What you should do:
Print the entries below exactly as they appear, from the first line up to and including the line with "负债重大变化方面,截至202". Do not print any pictures.

Given records:

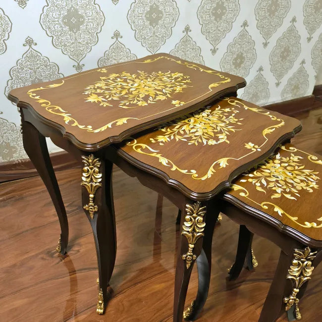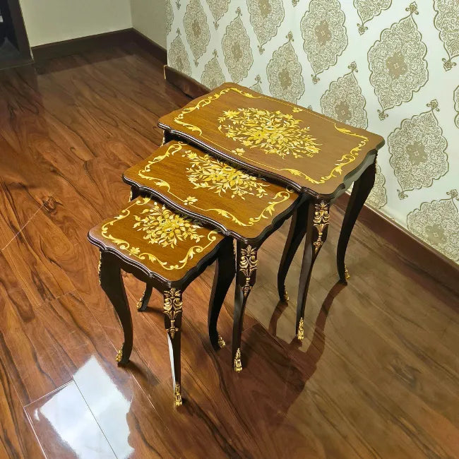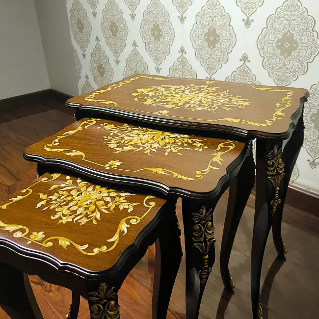Graceful and refined, the Francais Wooden Nesting Table set brings artistic charm and handcrafted elegance to your home. Made from premium Kikar Wood and MDF, this set of three nesting tables showcases stunning hand-painted artwork created with high-quality oil paints, offering a rich blend of craftsmanship and visual appeal.
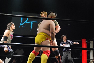 高梨火野に逆水平(右写真)、チョップ、火野は逆水平一発、カウント2。佐々木にタッチ。
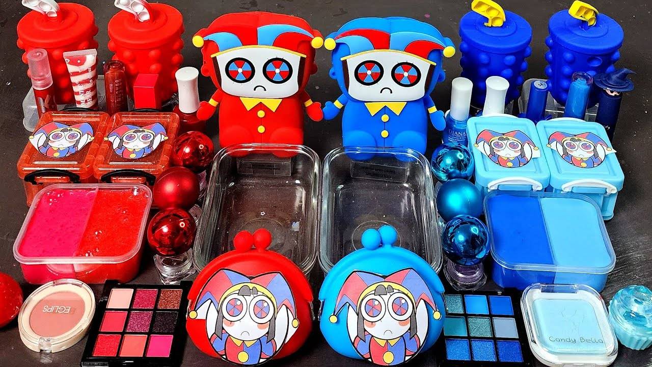 ASMR Удивительный цифровой цирк, Смешивающий красную и синюю слизь случайным образом в слайм ASMR
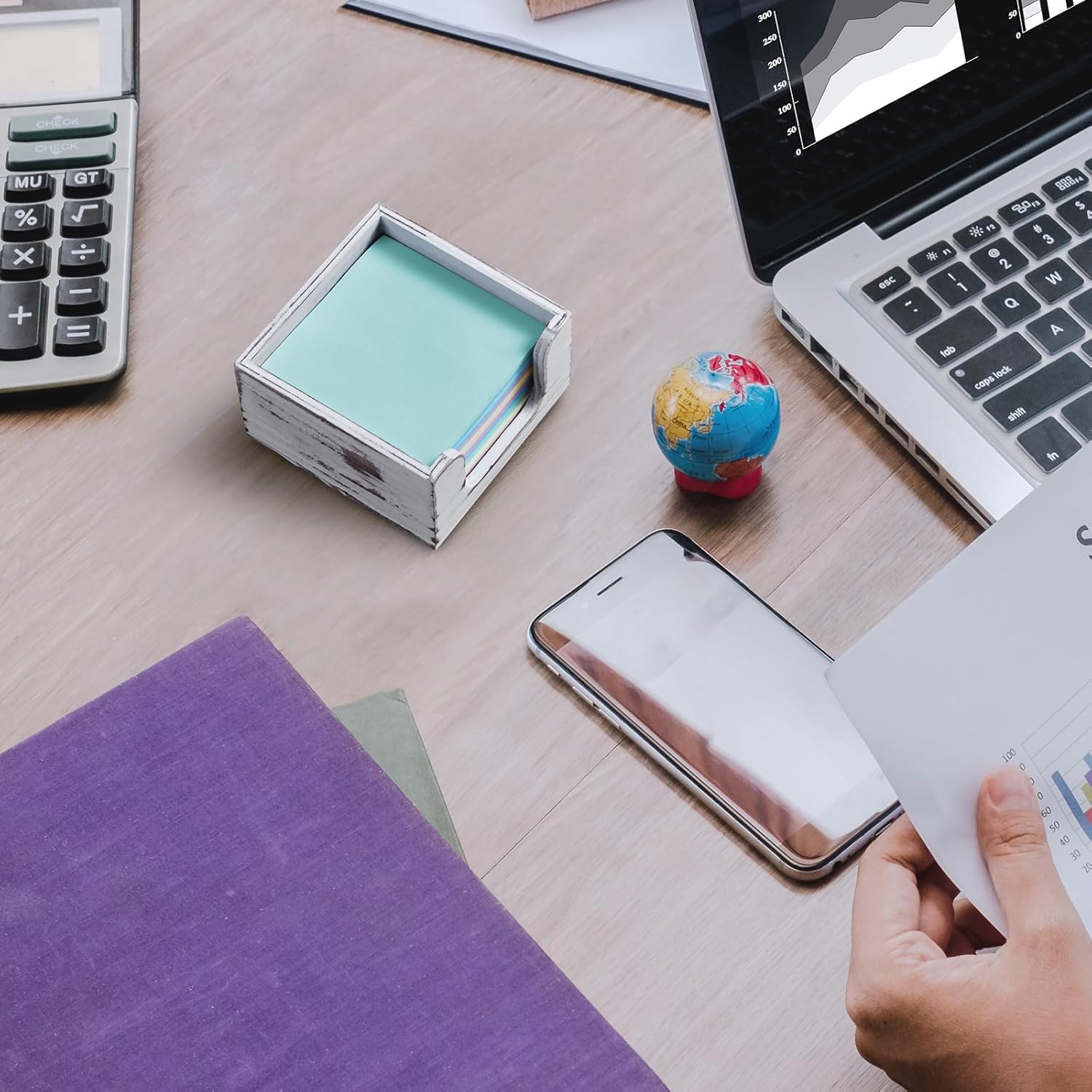 Wood Sticky Note Holder, White Washed Wooden Post It Note Dispenser for Office Desk Accessories, Self Stick Note Pad Holder, Memo Pad Holder Dispenser Organizer for School Office Desk Supplies
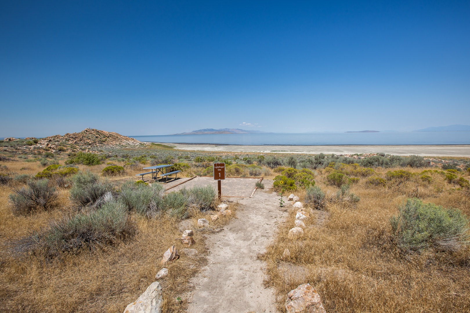 Ladyfinger Campground is the smallest of the four campgrounds on Antelope Island State Park aside from the Lakeside Group Campsite, which is for a single group. It's a great campground for smaller groups that has great views of the lake and even offers shade shelters. From the campground, there is a short 0.2-mile trial that leads out to Lady Finger Point for additional views of Bridger Bay Beach and the Great Salt Lake.
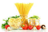 spaghetti, makaron w misce, słoik oleju i warzywa na drewnianym stole isola
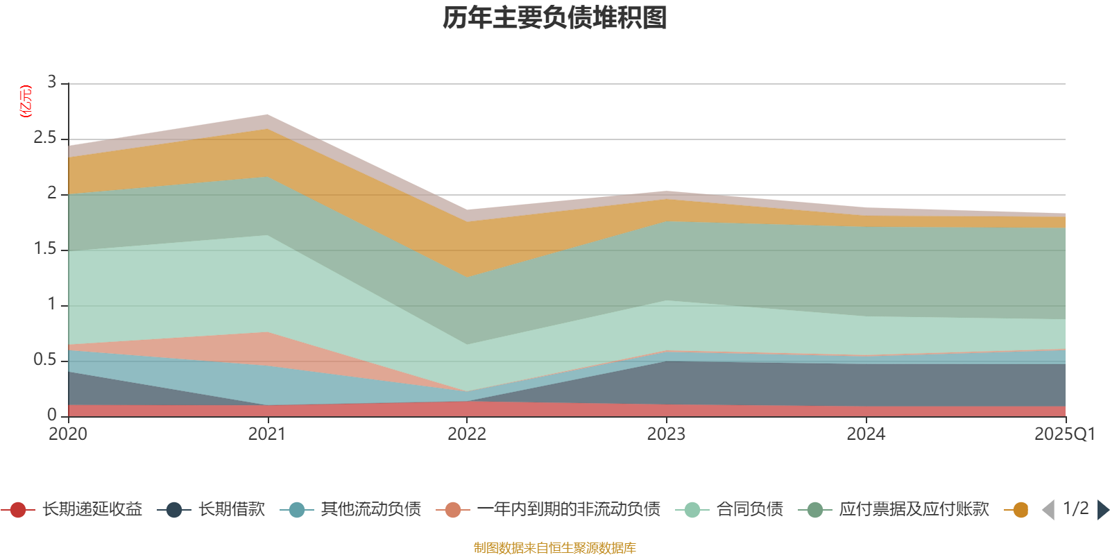 负债重大变化方面,截至2025年一季度末,公司合同负债较上年末减少23.37%,占公司总资产比重下降1.75个百分点;其他流动负债较上年末增加81.75%,占公司总资产比重上升1.27个百分点;应付职工薪酬较上年末减少81.68%,占公司总资产比重下降0.51个百分点;应付票据及应付账款较上年末增加2.06%,占公司总资产比重上升0.49个百分点。
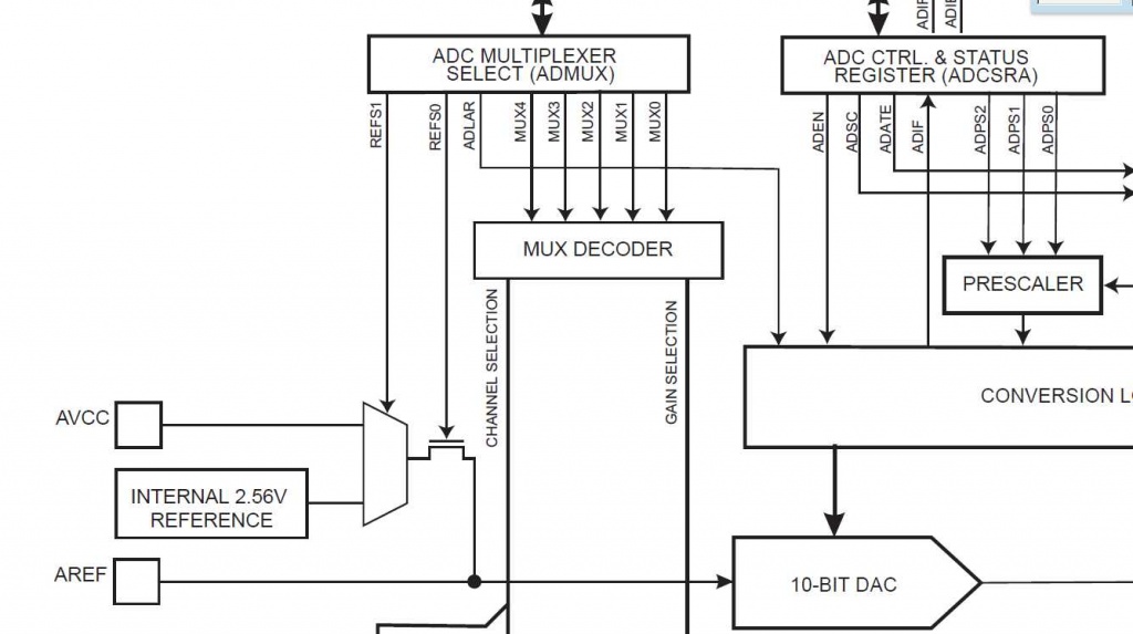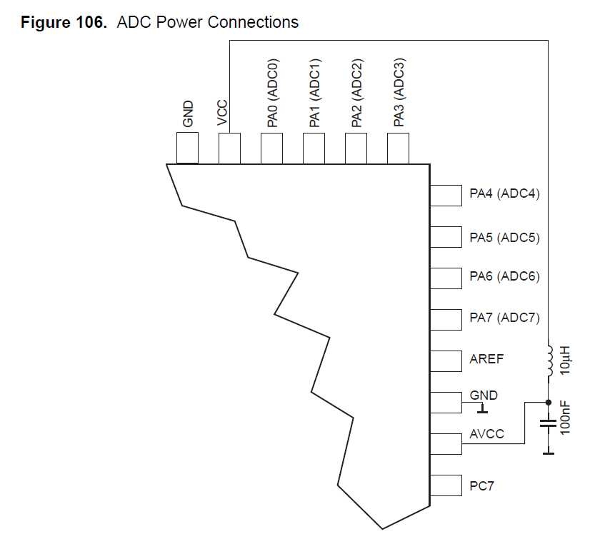 Idézet: „Nálam AREF=AVCC= RC szűréssel +UT.” Szerintem az AREF láb és a test közé 100nF kondenzátor kell, ha az UREF=AVCC, vagy, ha az UREF=Internal reference (2,56V). Ha külső referencia feszültséget akarsz használni , akkor azt kell oda kötni. Az AREF és az AVCC ellenállással való összekötése eltolhatja a referencia feszültségét az ADC-nek. Kérdés : miért kötöd össze az AVCC és az AREF lábat ? A mellékelt első kép nagyon beszédes, ha REFS0 értéke 0, akkor külső referencia feszültségről megy az ADC. Ha a REFS0 értéke 1 akkor, vagy AVCC a referencia, vagy a belső 2,56 V (a REFS0-hoz tartozó FET vezet), ekkor REFS1 értéke dönti el melyik, ekkor nem célszerű az AREF lábat külső potenciálra kötni. A második képen az AVCC szűrése látható. A hozzászólás módosítva: Jan 7, 2013

Worked solution:
Graceful and refined, the Francais Wooden Nesting Table set brings artistic charm and handcrafted elegance to your home. Made from premium Kikar Wood and MDF, this set of three nesting tables showcases stunning hand-painted artwork created with high-quality oil paints, offering a rich blend of craftsmanship and visual appeal.
 高梨火野に逆水平(右写真)、チョップ、火野は逆水平一発、カウント2。佐々木にタッチ。
 ASMR Удивительный цифровой цирк, Смешивающий красную и синюю слизь случайным образом в слайм ASMR
 Wood Sticky Note Holder, White Washed Wooden Post It Note Dispenser for Office Desk Accessories, Self Stick Note Pad Holder, Memo Pad Holder Dispenser Organizer for School Office Desk Supplies
 Ladyfinger Campground is the smallest of the four campgrounds on Antelope Island State Park aside from the Lakeside Group Campsite, which is for a single group. It's a great campground for smaller groups that has great views of the lake and even offers shade shelters. From the campground, there is a short 0.2-mile trial that leads out to Lady Finger Point for additional views of Bridger Bay Beach and the Great Salt Lake.
 spaghetti, makaron w misce, słoik oleju i warzywa na drewnianym stole isola
 负债重大变化方面,截至2025年一季度末,公司合同负债较上年末减少23.37%,占公司总资产比重下降1.75个百分点;其他流动负债较上年末增加81.75%,占公司总资产比重上升1.27个百分点;应付职工薪酬较上年末减少81.68%,占公司总资产比重下降0.51个百分点;应付票据及应付账款较上年末增加2.06%,占公司总资产比重上升0.49个百分点。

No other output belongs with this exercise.